There is no doubt that this issue is pervasive and that it is occurring in many relationships. If the person is able and can find the strength, that relationship may ultimately end up in divorce. In my practice, I have seen victims grow more anxious, confused, and fearful that his/her credibility is lost. Of course, those who use any form of gaslighting as a tool to manipulate (narcissists are known to employ these techniques) are also going to do all that they can to manipulate the divorce process to their advantage.

The gaslighter’s goal is to destabilize the other person to the point where the victim questions his/her mental stability and diminishes his/her self-confidence and self-esteem. Then the gaslighter can convince others that the person is unable to make sound decisions and can then also make the case that the other person is unreliable, can’t be trusted, and in some cases is incapable of co-parenting or making sound financial decisions. As the gaslighter heats up, the victim may be unable to put forward his/her case for custody or even financial issues regarding their divorce. After all, who wants to listen to someone who is “crazy” when they are claiming there are hidden finances.

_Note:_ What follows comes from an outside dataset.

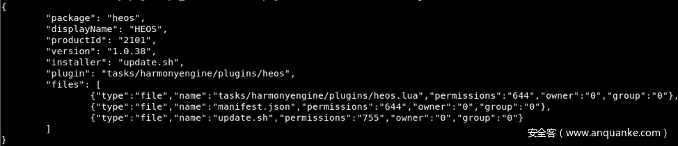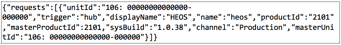 图11. 包含系统中“HEOS”软件包当前版本信息的JSON请求对象
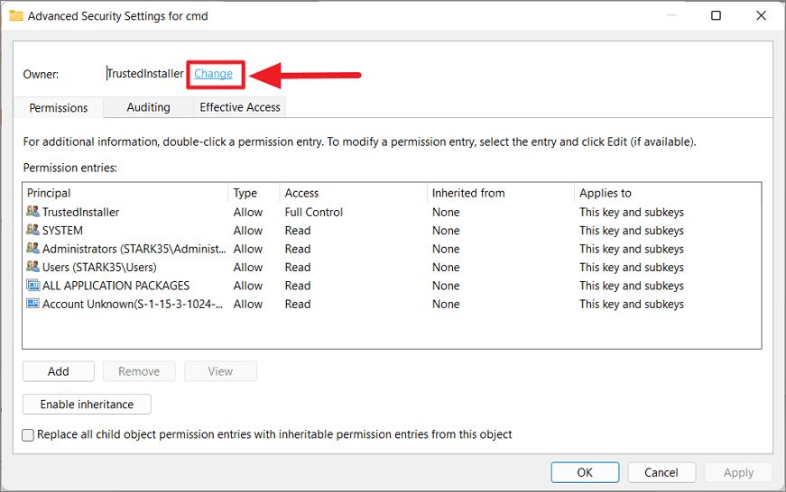 - Check the box labeled Replace owner on subcontainers and objects, then click Apply and OK.

So, what do you do if you are involved with a controlling partner who you believe has been gaslighting you, and you want to leave the marriage?

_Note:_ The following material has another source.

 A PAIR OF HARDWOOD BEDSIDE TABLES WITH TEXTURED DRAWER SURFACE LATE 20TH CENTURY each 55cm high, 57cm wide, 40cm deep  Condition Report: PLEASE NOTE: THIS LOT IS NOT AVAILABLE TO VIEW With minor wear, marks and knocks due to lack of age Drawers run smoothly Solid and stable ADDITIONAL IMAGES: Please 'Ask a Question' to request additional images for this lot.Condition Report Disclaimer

1. Do not alert the gaslighter of your plans until you have to. You will need to deal with numerous issues before you formally file for divorce, and alerting the gaslighter to the fact you want to leave the marriage before you properly plan may put you in harm’s way.

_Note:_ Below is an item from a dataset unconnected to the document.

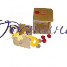 Один з найулюбленіших матеріалів малюків, адже саме у віці від півроку до 2-х років дітям дуже подобається розкладати різні предмети по ємностей і коробочках вправлятися в відкриванні дверцят і висуванні ящиків. У комплект входять: дерев'яна коробочка з висувним ящиком і невеликий прорізом зверху, 6 дерев'яних «монеток» забарвлених в рожевий колір. Малюк вкладає «монетки» ребром в отвір, висуває шухлядку, дістає маленькі диски з коробочки, закриває скриньку і з задоволенням повторює весь процес. Робота з матеріалом сприяє розумінню причинно-наслідкових зв'язків, розвитку дрібної моторики, допомагає освоїти пінцетний (великим і вказівним пальцем) і щипковий (великим, середнім і вказівним пальцем) захоплення, тренує координацію рухів, увагу, посидючість. Отвір для вкладання монетки виділено - забарвлене в рожевий колір. Деталі іграшки ретельно відшліфовані і оброблені, покриті лаком.

Important note: If you believe you or your children are in immediate danger, do not wait to act.

2. Enlist a strong advocate as your attorney and, if possible, a therapeutic professional before you tell your partner of any plans to separate or divorce. Attempt to find an attorney who has experience working with adversarial spouses who suffer from or are affected with personality disorders. Speak with mental health professionals, friends, and family for referrals. Narcissists, for example, do not compromise easily, and you need to choose an attorney who will go the distance with you, and ideally, has experience working with someone who is controlling and in many cases, simply irrational.

3. If you are being abused emotionally and/or physically, ask your attorney about filing temporary restraining orders including Orders of Protection that keep this abusive person away from you.

4. Keep a record of all attempts to confuse or belittle you. Go back as far as you can to document when this behavior started to occur, and how it has evolved. Setting forth facts and recalling specific incidents is very important, and this information will be helpful later if you need to convince the Court that your partner has been behaving in this way.

5. If there are people in your life who can validate your experiences, ask them to be a witness. Share this record of information with your attorney and therapist. Evidence and witnesses can be very helpful to prove a case.

Most of all, it is critical to remember to protect your emotional well-being and the emotional health of your children. The gaslighter’s goal is to confuse you so that you are more easily controlled.

Breaking free of this is going to take a lot of strength and organization. And you need to form a team of people that you can depend upon, including your friends, family, therapist, and attorney.

As I often say: The very best way to protect yourself from experiencing any of the above is to recognize the signs of mental illness before you enter a relationship. Love does not need to be blind, and the signs should not be overlooked or ignored. Be careful with whom you have a relationship, a marriage, and most importantly a child.